Wilberforce (25 page)

Read Wilberforce Online

Authors: H. S. Cross

A worse outcome would be finding the barn empty. Or finding Rees there but in no danger of suicide. Could he literally mean to kill himself? Rees was squeamish under the cane. He shied away from the scrum. He protested loudly when abused by his form-mates. In short, he was a big girl's blouse. How could such a specimen monkey up the rafters of McKay's barn, tie knots properly, and strangle himself willingly to death?

The whole thing was bunk, and Spaulding was running and slipping through the woods straight into it. Worse, by coming when pulled, he was showing Rees that he cared, that this was the knob to turn whenever Rees wished to control him. It was a disaster.

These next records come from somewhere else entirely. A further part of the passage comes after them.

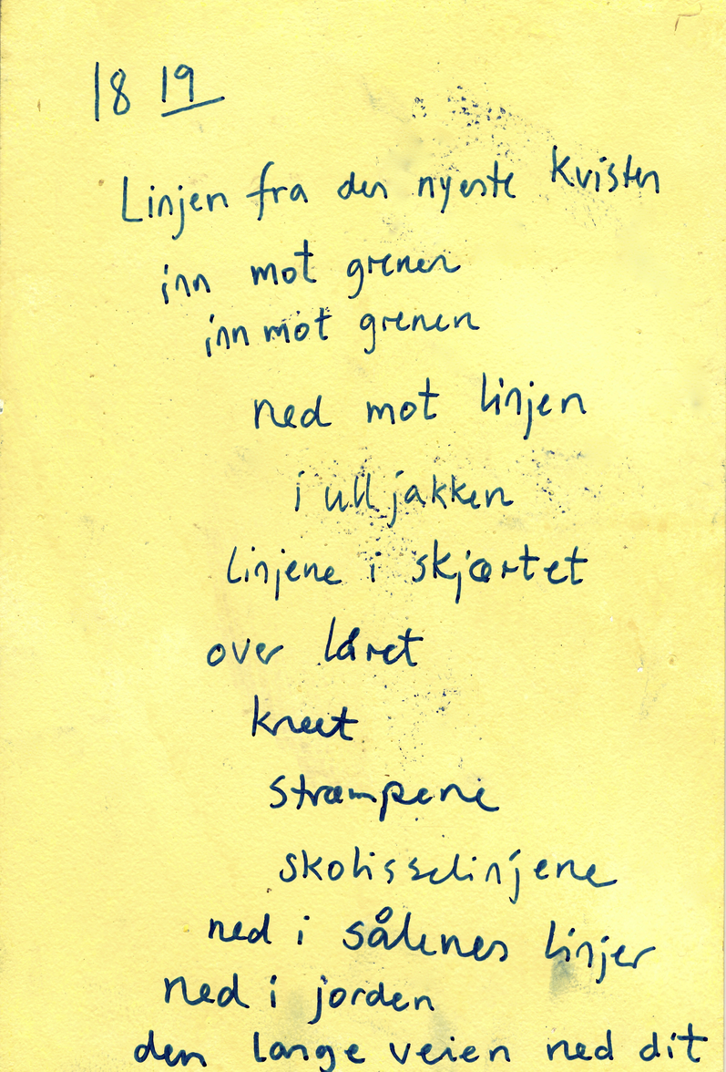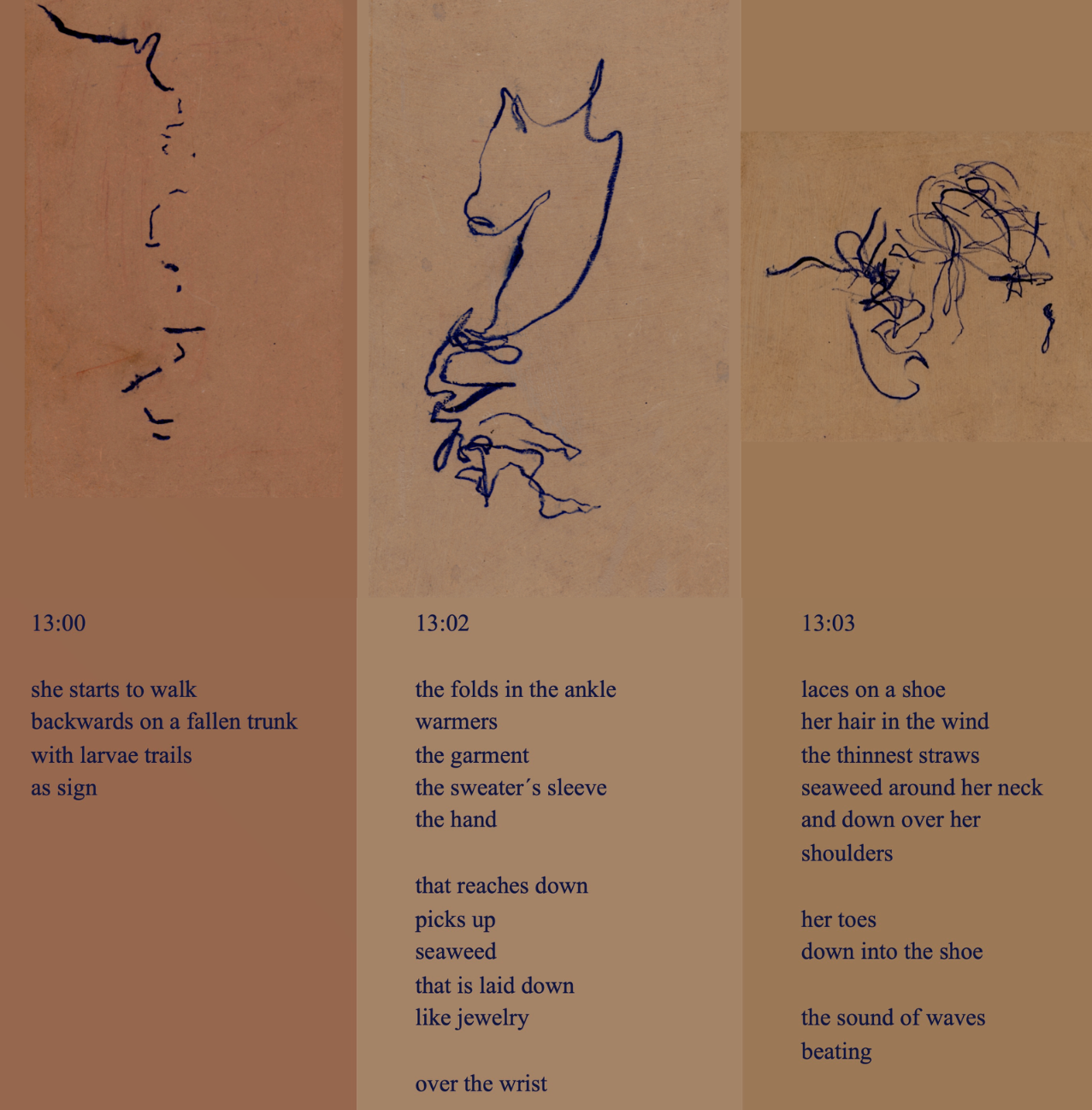 "The drawing gaze does not judge, it only sees. There is no difference in the line along the arm that continues out into a bunch of seaweed or into a fold in the sweater, yes, maybe into the anatomy and then moves out into the fleeting water lines. These movements are a stream, but I still have to stop and look down, to note the time and write down what I just saw. A moment is documented and left where it happened."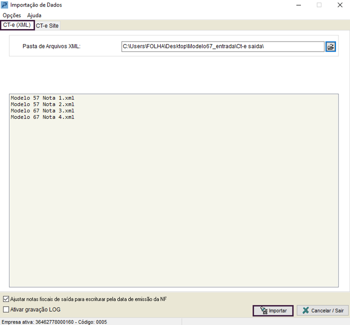 7 - Clique na aba CT-e (XM) e selecione o(s) arquivo(s) xml(s) modelo 57 ou 67 e clique em Importar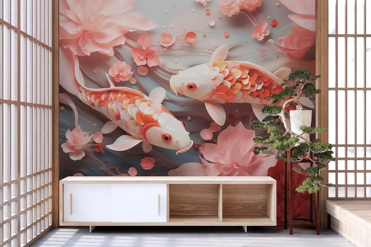 Τοιχογραφίες Λεπτά ψάρια με διαστατικές κλίμακες κολυμπούν μέσα σε μια ροή από πέταλα και απαλές ροζ αποχρώσεις Nr. w09237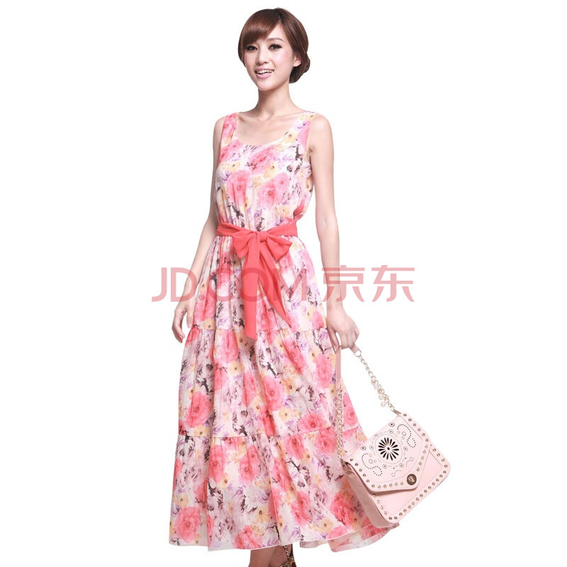 维克莱尔(vloyal)水墨色彩雪纺无袖连衣裙

They arrived winded at the bit of wall that overlooked the barn. The building stood deserted, ramshackle, almost fragile at the bottom of the slope. Spaulding leaned against the wall, catching his breath, his cheeks and lips red, forehead perspiring, tie disarranged, breath fogging before his mouth, the mouth Morgan wanted to feel, doing what it had done before and rescuing the day from destruction.

—I'll go, Morgan said.

—No.

—If he sees you, he might …

Morgan pulled his arm out of the sling to hoist himself over the wall, but Spaulding cupped hands beneath Morgan's foot, those fingers gripping his shoe, fingers so able and knowing, fingers he hoped would touch more than his shoe, perhaps shortly, perhaps very shortly indeed! Spaulding lifted, and Morgan was over the wall, skidding down the slope.

At the barn, silence. A door hung uncertainly on its hinge. Morgan slipped inside.

Dim, mildew, decaying air. Then a rustling.

—Don't come any farther, warned that unmistakable voice. I'll jump.

Morgan craned to see into the rafters. Rees sat astride a beam, a flimsy rope connecting it with his neck.

—Rees, Morgan said, don't be an idiot.

—Who is that? Rees demanded.

—It's Wilberforce. Come down before you hurt yourself.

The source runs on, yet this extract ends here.